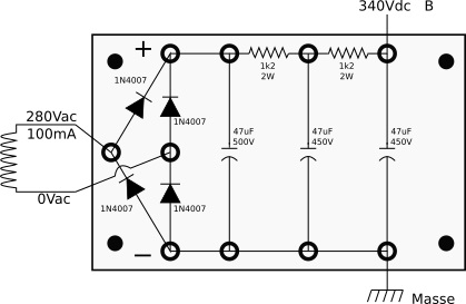 bilbo_moria a écrit : 13 avr. 2019, 9:35 Oui, le transfo est assez puissant pour alimenter les 2 x 12AX7 : il peut délivrer 25mA et chaque triode doit consommer quelques mA (il faudrait vérifier / calculer pour la dernière triode, mais ça doit passer à l'aise).
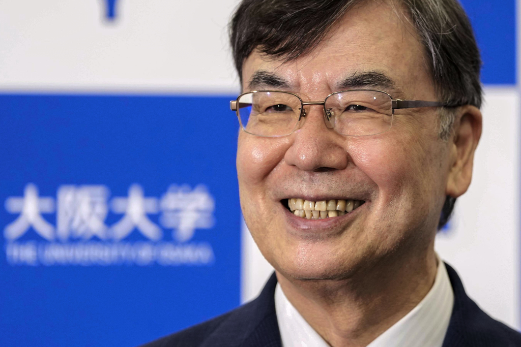 2025年诺贝尔生医奖得主之一坂口志文,6日在任教的大坂大学召开记者会,笑容满面。(美联社)
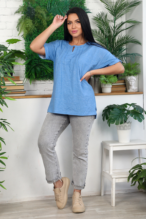 Туника прямая, свободная, с округлой горловиной, с удлиненной спинкой. Рукав короткий, с манжетом и хлястом с пуговицей. В верхней части полочки обработаны декоративные защипы. Спинка с кокеткой. В нижней части боковых швов расположены разрезы. Горловина обработана бейкой из основного полотна.

=== Task brief ===
Skip every picture and return the lines above from the top through the one that contains "2025年诺贝尔生医奖得主之".

=== Completed task ===
 bilbo_moria a écrit : 13 avr. 2019, 9:35 Oui, le transfo est assez puissant pour alimenter les 2 x 12AX7 : il peut délivrer 25mA et chaque triode doit consommer quelques mA (il faudrait vérifier / calculer pour la dernière triode, mais ça doit passer à l'aise).
 2025年诺贝尔生医奖得主之一坂口志文,6日在任教的大坂大学召开记者会,笑容满面。(美联社)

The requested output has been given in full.